_What the exercise asks:_
Beginning at the line that holds "Kėdė AURA su" and continuing to the last line of the data below, transcribe every line word for word, without pictures.

_Recorded information:_
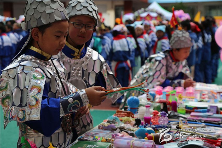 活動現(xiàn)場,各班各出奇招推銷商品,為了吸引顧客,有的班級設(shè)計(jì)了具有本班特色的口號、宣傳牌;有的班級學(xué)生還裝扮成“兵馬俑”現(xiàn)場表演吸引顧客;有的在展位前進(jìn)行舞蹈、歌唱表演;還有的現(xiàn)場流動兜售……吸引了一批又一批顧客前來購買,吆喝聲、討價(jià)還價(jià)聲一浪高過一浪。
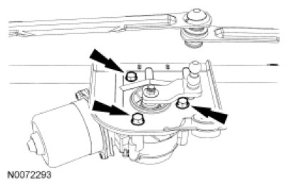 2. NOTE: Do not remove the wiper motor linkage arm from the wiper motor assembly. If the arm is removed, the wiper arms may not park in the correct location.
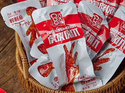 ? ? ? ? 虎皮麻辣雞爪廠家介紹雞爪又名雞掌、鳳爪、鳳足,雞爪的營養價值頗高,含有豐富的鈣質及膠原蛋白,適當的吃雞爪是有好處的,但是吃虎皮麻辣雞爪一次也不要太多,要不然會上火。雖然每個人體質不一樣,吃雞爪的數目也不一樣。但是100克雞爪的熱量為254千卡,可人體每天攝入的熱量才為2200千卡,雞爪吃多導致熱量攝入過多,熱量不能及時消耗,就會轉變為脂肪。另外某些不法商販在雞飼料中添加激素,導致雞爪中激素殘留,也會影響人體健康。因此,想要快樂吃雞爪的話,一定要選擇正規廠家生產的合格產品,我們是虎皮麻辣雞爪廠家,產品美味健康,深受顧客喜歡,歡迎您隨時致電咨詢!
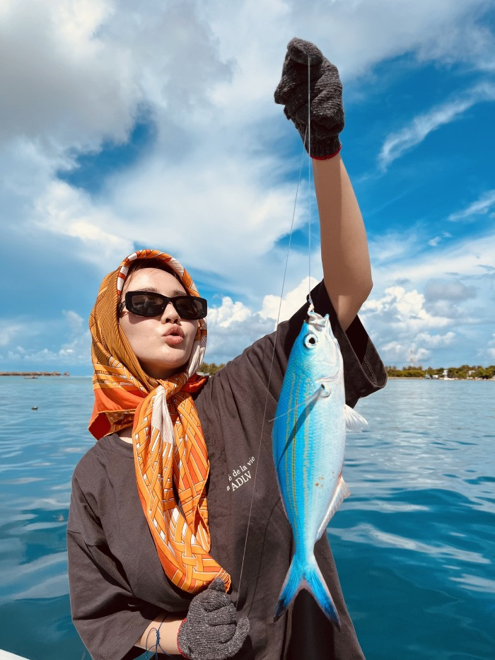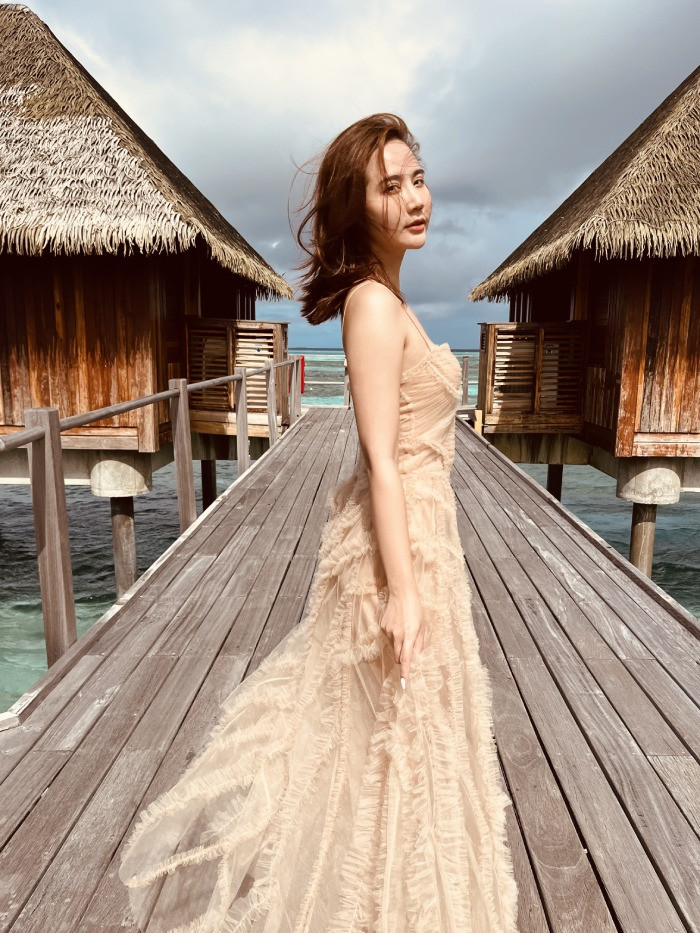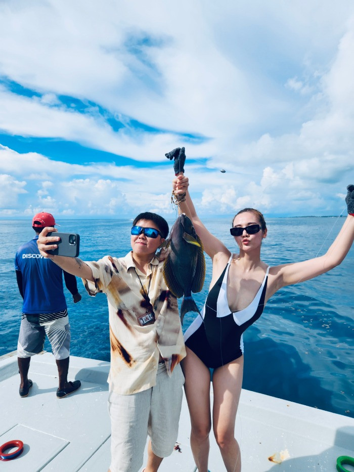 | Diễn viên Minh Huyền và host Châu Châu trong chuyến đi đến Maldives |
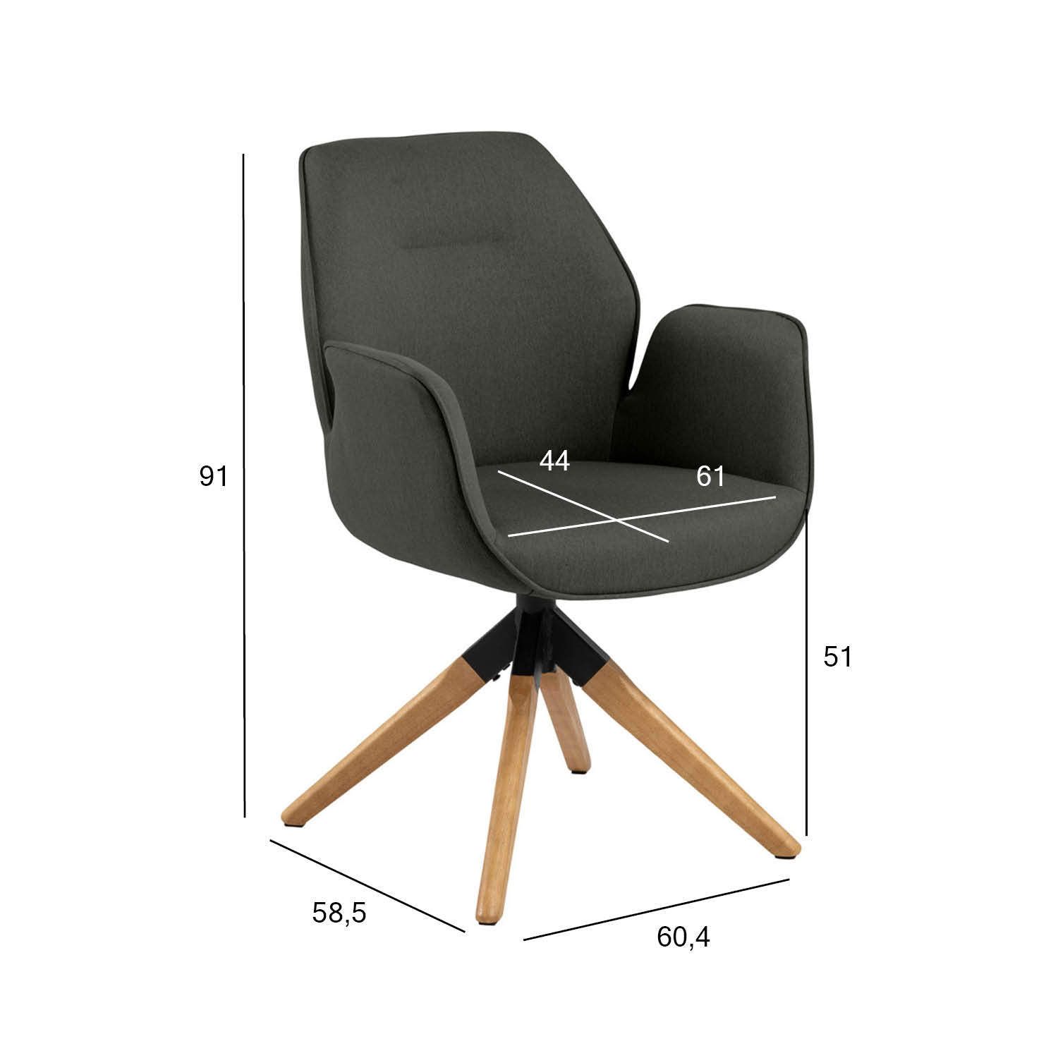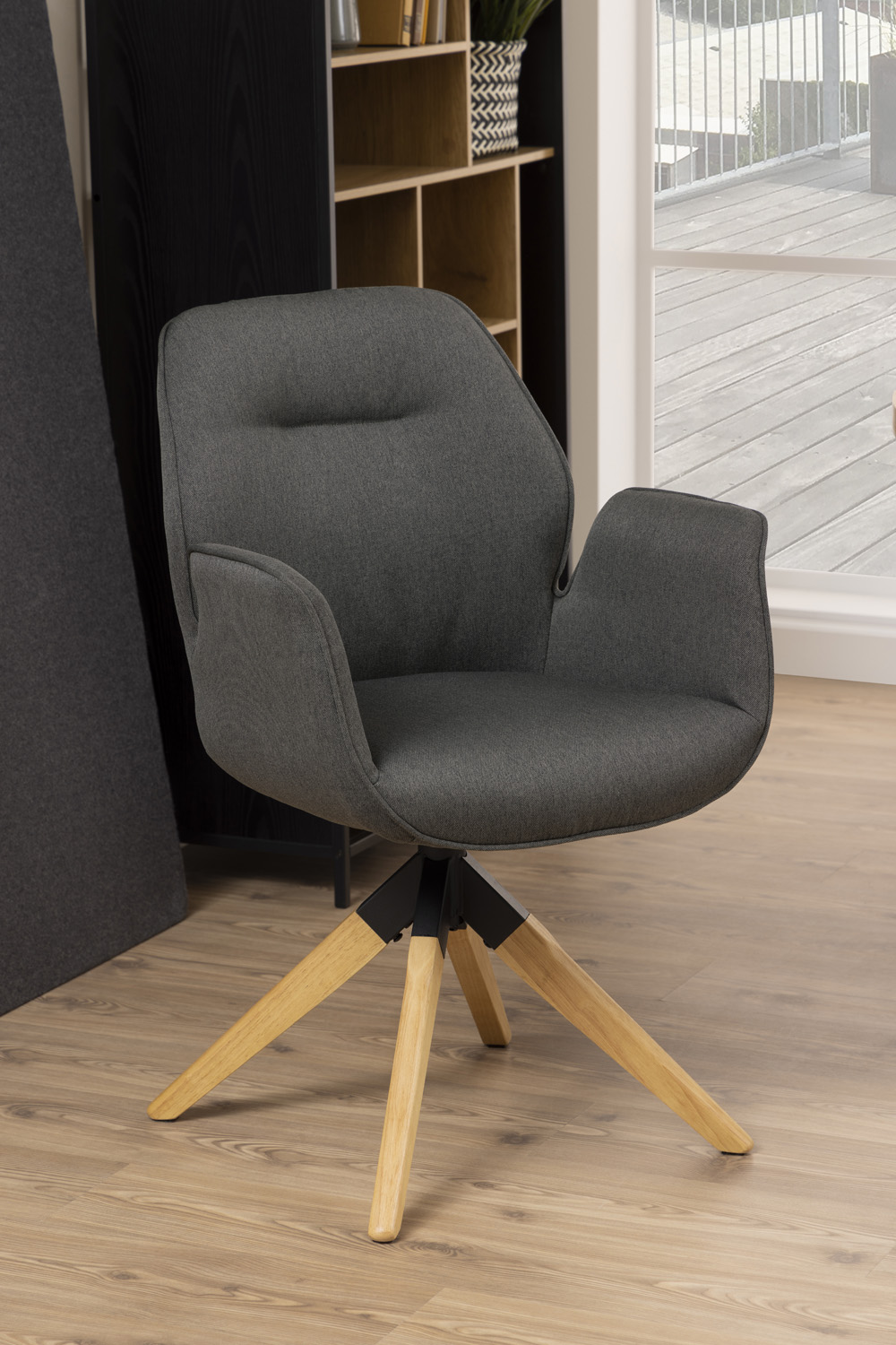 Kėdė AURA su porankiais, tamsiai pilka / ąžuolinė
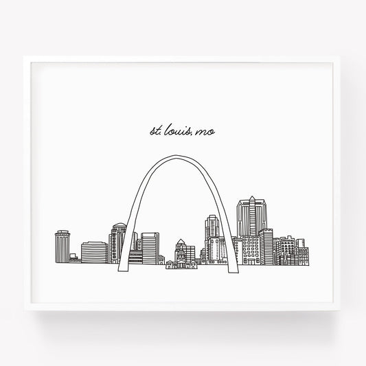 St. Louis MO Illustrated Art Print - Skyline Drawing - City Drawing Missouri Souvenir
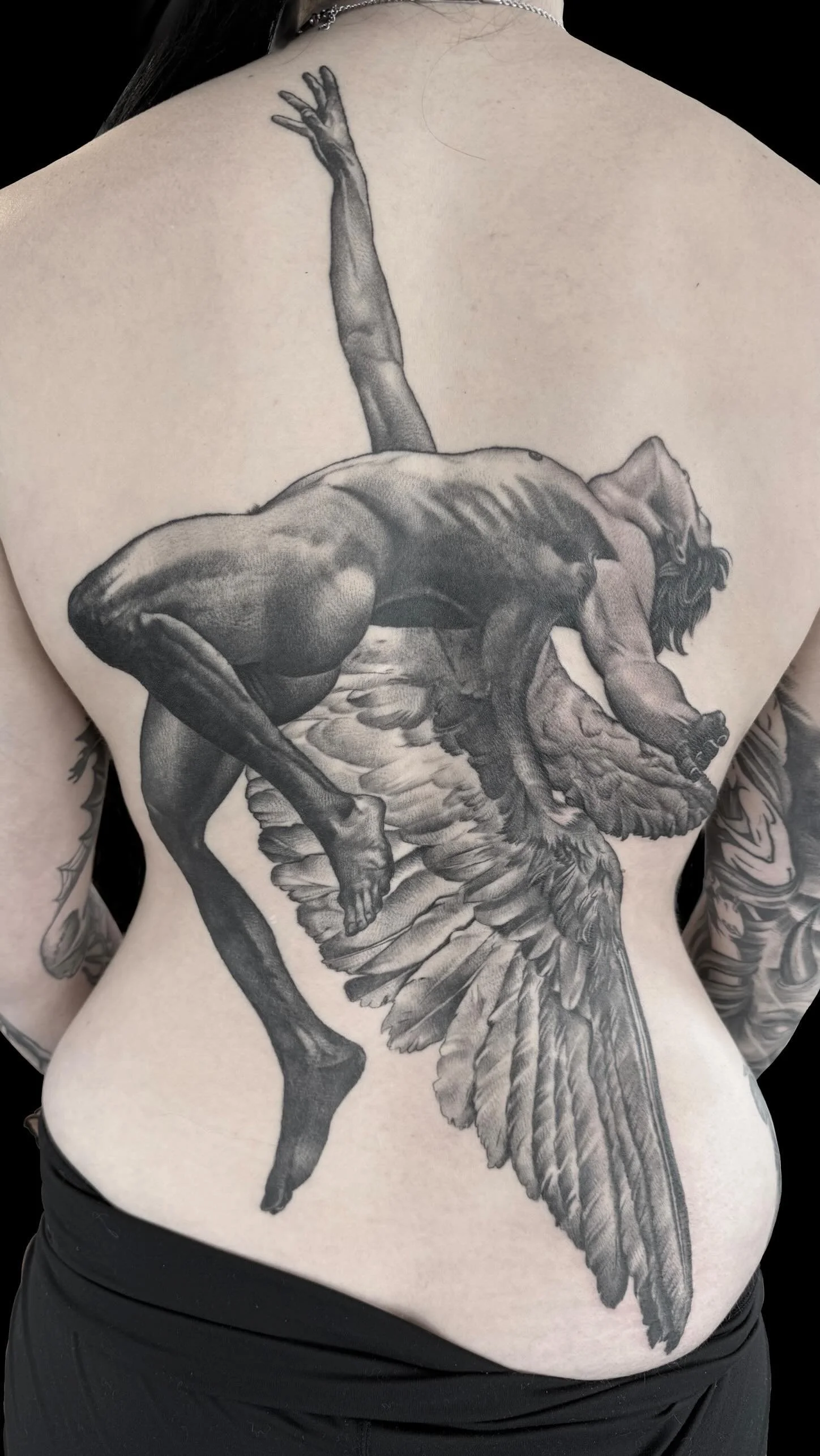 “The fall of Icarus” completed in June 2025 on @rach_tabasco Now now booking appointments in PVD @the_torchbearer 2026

_Solved exercise:_
 Kėdė AURA su porankiais, tamsiai pilka / ąžuolinė
 St. Louis MO Illustrated Art Print - Skyline Drawing - City Drawing Missouri Souvenir
 “The fall of Icarus” completed in June 2025 on @rach_tabasco Now now booking appointments in PVD @the_torchbearer 2026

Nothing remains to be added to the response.